Dave Shiflett
Monday, February 5, 2007
Bloomberg
In 1969, a year after he was elected U.S. president, Richard Nixon renounced the ``use of any form of deadly biological weapons that either kill or incapacitate.''
Nixon's declaration is one of the few cheerful spots in ``The Living Weapon,'' a PBS program that airs Feb. 5 at 9 p.m. New York time.
The U.S. got into the germ-warfare business in 1942 at the request of Britain, which feared that Adolf Hitler was cooking up world-class pestilence in his labs.
While FDR found the weapons ``inhumane,'' he went along with their development, the show says. He was certainly right about the nature of the weapon. As the show explains, ``a biological weapon is alive. What it wants to do is reproduce itself inside a human body.''
Eventually, the guest kills the host, who suffers hideously. Another victim is science itself, which has been used ``not strictly for the benefits it can bring'' but for purely destructive purposes, according to Jeanne Guillemin, senior adviser to MIT's Security Studies Program.
From the start the U.S. program was cloaked in secrecy: Leakers were promised 40 years in jail, with a $10,000 fine thrown in for good measure.
As it turns out, Hitler early on ordered that ``there was to be no offensive biological weapons research.'' His benevolence may have been the result of having been gassed in World War I, the show suggests.
Ghastly Experiments
Japan, however, more than made up for the German restraint. A lengthy segment of the hour-long program takes a close and horrifying look at the Japanese program and its mastermind, Shiro Ishii.
The Japanese did their dirty work in occupied China and didn't confine their experiments to monkeys and lab rats. Their guinea pigs were human beings.

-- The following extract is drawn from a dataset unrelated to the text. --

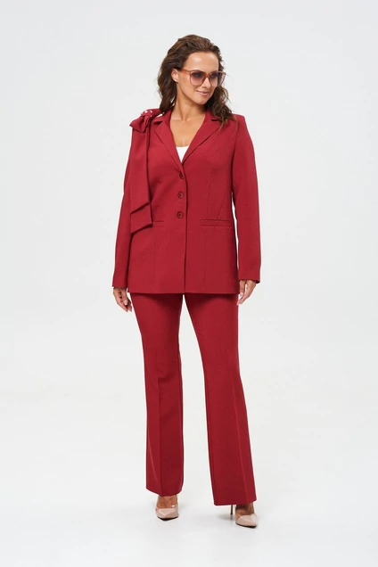 Костюм женский двухпредметный, состоящий из жакета и брюк. Жакет полуприлегающего силуэта со съёмным бантом, с застёжкой на 3 петли-пуговицы до линии перегиба лацкана. Перед с талиевой вытачкой, фигурным подрезом и карманом с листочкой. Спинка со средним швом, заканчивающимся шлицей. Рукава двухшовные втачные. Локтевой шов заканчивается открытой шлицей. Воротник пиджачного типа. По шлицам рукавов и спинки проложены 3 паралельные отделочные строчки. Жакет на подкладке. Брюки клёш (облегают бёдра и расширены умеренно к низу). Застёжка в средних срезах передних половинок брюк на короткую тесьму - молнию и 3 петли-пуговицы по широким кокеткам, которыми обработан верхний срез изделия. По передним и задним половинкам заутюжены канты. Длина жакета по спинке - 70,5 см. Длина рукава - 61 см. Длина брюк по боковому шву от верха до низа - 102 см.

In one ghastly scene, which appears to be archived film, a victim is strapped inside a glass booth. An old-fashioned insect- repellent spray can is pointed through a hole and he is doused with deadly bacteria.
The victim writhes and expires, as did some 10,000 unfortunate Chinese killed in the labs. The Japanese also sprayed Chinese cities with plague-infected fleas. Thousands were sickened, though no death toll is given.

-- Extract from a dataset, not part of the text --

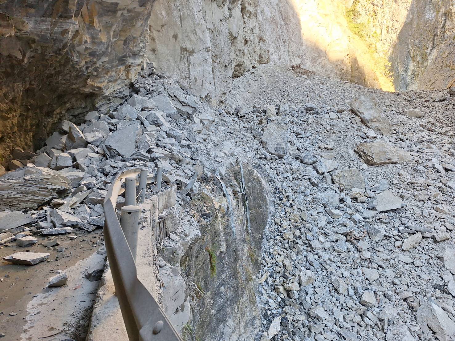 太魯閣國家公園燕子口一帶因大規模崩塌形成堰塞湖。(圖片提供/林業保育署花蓮分署)

Ishii was captured and cut a deal with the U.S. to supply his deadly data in exchange for immunity from war-crimes prosecution. He got immunity for himself and his staff, though it turned out his information was of no use to the U.S.
`Pig Sick'
The U.S. program, headquartered at Fort Detrick, Maryland, also used human subjects, though many were volunteers.
Most were Seventh-Day Adventists, who as conscientious objectors refused to bear arms. About 2,200 of them agreed to inhale various non-lethal agents that made them, as one expert says, ``pig sick.''
The idea behind the experiment, the show says, was that a sick soldier in the field creates a much greater strain on an army than a dead one.
The government also bombarded several U.S. cities with simulants -- non-infectious bacteria -- to assess how biological agents spread. Targets in that super-secret program included San Francisco, St. Louis and Minneapolis.
The end to the U.S. development program may have been partly the result of a 1969 Utah incident in which an ``errant cloud'' of nerve gas was held responsible for killing some 6,000 sheep.
Political pressure to reveal the program's secrets began to build and, after a review, the Nixon administration determined that biological weapons ``were redundant with nuclear weapons and easier for poor countries to make.''
In announcing the end of the U.S. program, Nixon said, ``Mankind already holds in its hand too many of the seeds of its own destruction.''
Unfortunately, as historian Brian Balmer concludes, the U.S. research ``bequeathed on
the world this knowledge and we now have to control it and contain it and make sure biological weapons are never used.''
Much easier said than done.
(Dave Shiflett is a critic for Bloomberg News. The opinions expressed are his own.)